Thirty years ago, at the end of Ingmar Bergman’s “Scenes From a Marriage,” Liv Ullmann and Erland Josephson turned out the lights, said goodnight, rolled over and went to sleep.
Now, Bergman himself is turning out the lights and saying goodbye with “Saraband,” a sequel of sorts to “Scenes From a Marriage,” which the Swedish director, who turns 87 on July 14, says is his last film.
If Bergman is indeed going away, he’s not going gently. He’s created a devastating depiction of the unique cruelties family members can inflict upon each other, especially as they age.

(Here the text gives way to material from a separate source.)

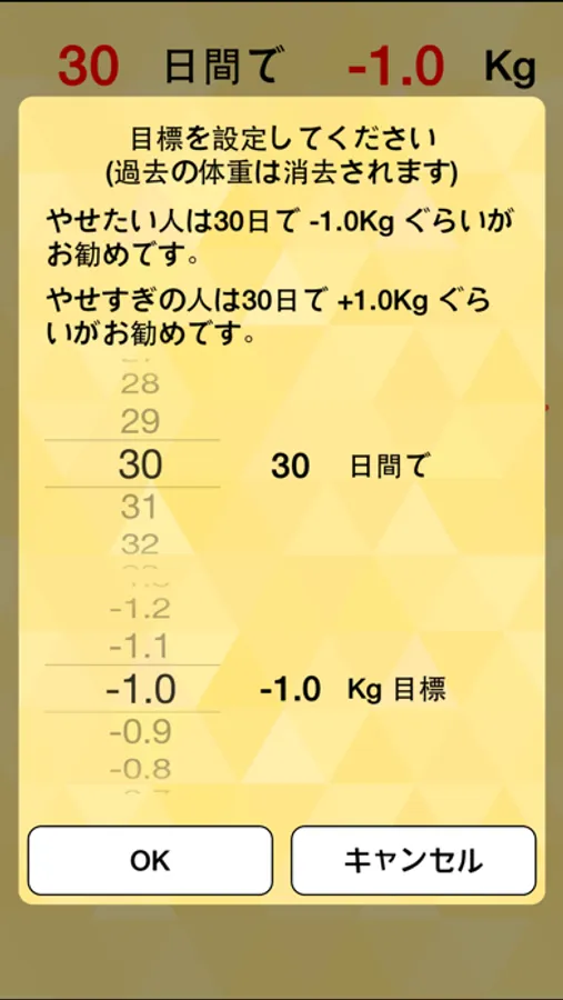 目標をリセットすると、過去の体重データは消去されます。大事な記録はご自分でメモしておいてください。

And aging — or, more specifically, mortality — seems foremost in Bergman’s mind here, even more so than usual from the man who supplied the iconic imagery of a chess match with Death in 1957’s “The Seventh Seal.”
Josephson, stepping back into the role of Johan, tells Ullmann’s Marianne that he wonders sometimes whether he’s actually dead, and just doesn’t know it. When Johan asks Marianne — the ex-wife he hasn’t seen in 30 years — how old she is now, Marianne responds, “63. And they’ve taken my ovaries and uterus.” (The 66-year-old Ullmann still looks so beautiful, though, so natural and clear-eyed through Bergman’s digital-video lens, it’s as if she hasn’t aged a day.)
Upon making her impromptu journey to visit Johan, who now spends all his time at his country house, Marianne meets his son from a subsequent marriage, Henrik (Borje Ahlstedt), and Henrik’s 19-year-old daughter, Karin (Julia Dufvenius), who are living with him. All three are still mourning Anna, Henrik’s wife and Karin’s mother, whose absence haunts them two years after her death.
Marianne doesn’t try to return to her role as Johan’s wife — this isn’t “More Scenes From a Marriage” — but rather she serves as a calm, reasonable sounding board for the whole family, something she was incapable of being when we first met her so long ago.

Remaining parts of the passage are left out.